In the early days (mid ’90s), there were two primary ways that content got from a writer to the Web:

  1. Adventurous authors dove into HTML, learning the code needed to express lists and headings and tables. Most people relied on simple text editors, though HTML-specific tools like BBEdit began to emerge
  2. For many other writers, the workflow didn’t change much — articles were written with a word processor, then handed off to the production staff — in the case of the Web, for markup as HTML rather than for composition into print.

Today, the writers behind successful new media and content companies like the Huffington Post, PaidContent, TechCrunch, or Gawker depend on Web-friendly tools like blog platforms, RSS readers, and more recently dedicated writing software for bloggers (I’m writing this post with Mars Edit, though Ecto and Windows Live Writer are other popular choices). For most writers, most of the time, there’s little need to know more than minimal tagging (how to fix an errant hyperlink, for example). The substantial complexity of the XML at work is hidden. But no one will become the next Huffington Post accepting submissions as Word attachments. The tools will evolve, and there’s a real opportunity for publishers and writers willing to experiment on the edge, which brings me to the next place to look for clues about the future:

Alpha Geeks

By “alpha geeks” I mean those experimenting and innovating out on the edge, often doing it as much for the challenge and the learning value as for any specific payback. These early experiments can have a sizable impact on the direction of later effort and innovation. In the context of publishing, I’d say that much of what Harlequin has been doing lately qualifies, as does Bookworm, the Web-based EPUB reader project. Here at O’Reilly we believe in “eating our own dogfood,” and for a large chunk of our frontlist, books are either written directly in XML, or are converted to XML as the first step of production. That’s meant the ability to rapidly prototype new design elements and features, as well as to effectively separate design and content, and to achieve real “single source” publishing for many titles — simultaneously creating on-demand output for print, for Web-friendly PDFs, for ebooks, and for online-access via Safari Books Online. What we’re doing might not make sense for a lot of publishers today, but sitting on the sidelines waiting indefinitely for tools that don’t require new knowledge or skills doesn’t make much sense either.

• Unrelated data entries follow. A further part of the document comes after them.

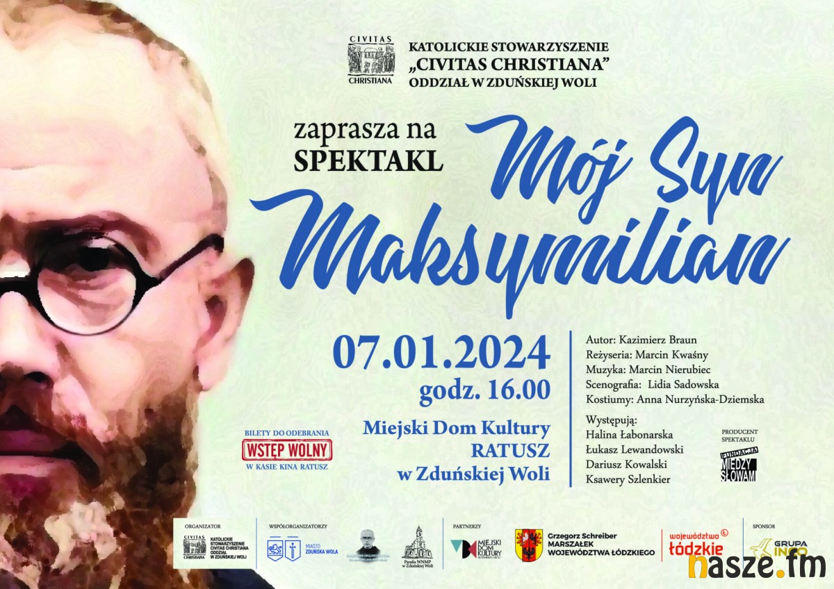 Urodziny św. Maksymiliana zostaną także upamiętnione spektaklem "Mój Syn, Maksymilian", jaki zostanie wystawiony 7 stycznia o godz. 16:00 w sali widowiskowej Miejskiego Domu Kultury Ratusz w Zduńskiej Woli.
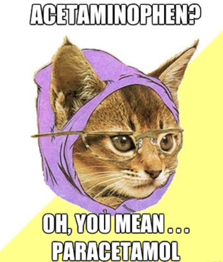 물론 병원에 갔을 때 의사나 약사한테 아세트아미노펜을 달라고 하면 알아듣겠지만 대신 파라세타몰(Paracetamol)이라고 적힌 의약품을 처방 받을 거임 (같은 거니까 그냥 받으면 됨)
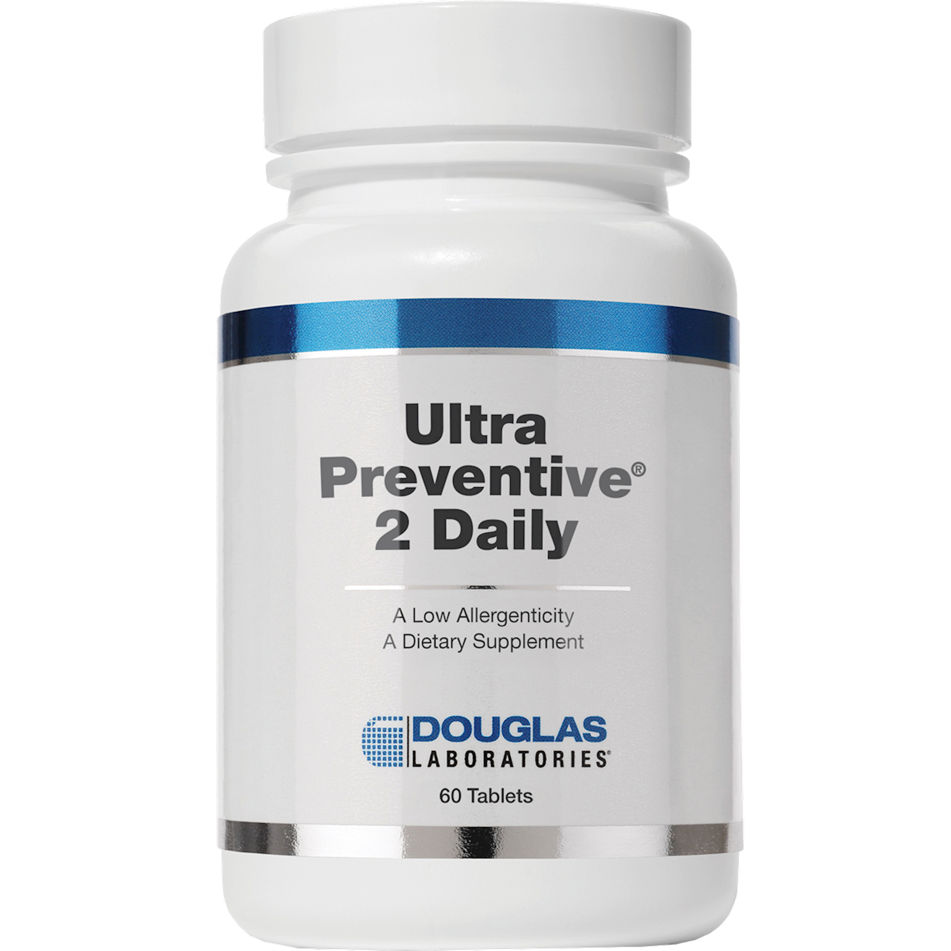 2 Daily easy swallow multivitamin/mineral tablets including methylated B vitamins, methylated resveratrol and phytonutrient blend Douglas Laboratories is proud to offer Ultra Preventive 2 Daily tablets with important vitamins and minerals plus antioxidant support from a proprietary phytonutrient blend of standardized spinach, blueberry and strawberry extracts, carotenoids, and methylated resveratrol in just 2 easy-to-swallow tablets daily. Astaxanthin is included as a carotenoid antioxidant for healthy aging. Activated forms of B vitamins in Ultra Preventive 2 Daily ensure proper utilization of vitamins.*

I wouldn’t be surprised at all if publishers start seeing “manuscripts” in the form of a series of blog posts, or a set of Google Docs. In either case, that’s already Web-friendly XML, and if publishers want to spend their time and money pushing that it into Quark, then onto PDF, and finally on to a vendor to create an ebook, that’s their choice. But someone more nimble and willing to work natively in a Web-friendly format will be difficult to compete with.

Arguing over whether authors can/should/will “use XML” is not a debate I’m interested in having. Maybe they will, maybe they won’t. But XML is becoming part of the fabric of what will only become more digital and more networked content creation, production, and distribution, and continuing to treat it as just an output format for a vendor or developer to care about means missing substantial opportunities. And as books become more connected to the Web, the collaboration and communication made possible become powerful motivators. As Marc Andreessen said (quoted in The World is Flat) about the early Web and the technical hurdles it presented:

People will change their habits quickly when they have a strong reason to do so, and people have an innate urge to connect with other people. And when you give people a new way to connect with other people, they will punch through any technical barrier, they will learn new languages — people are wired to want to connect with other people and they find it objectionable not to be able to.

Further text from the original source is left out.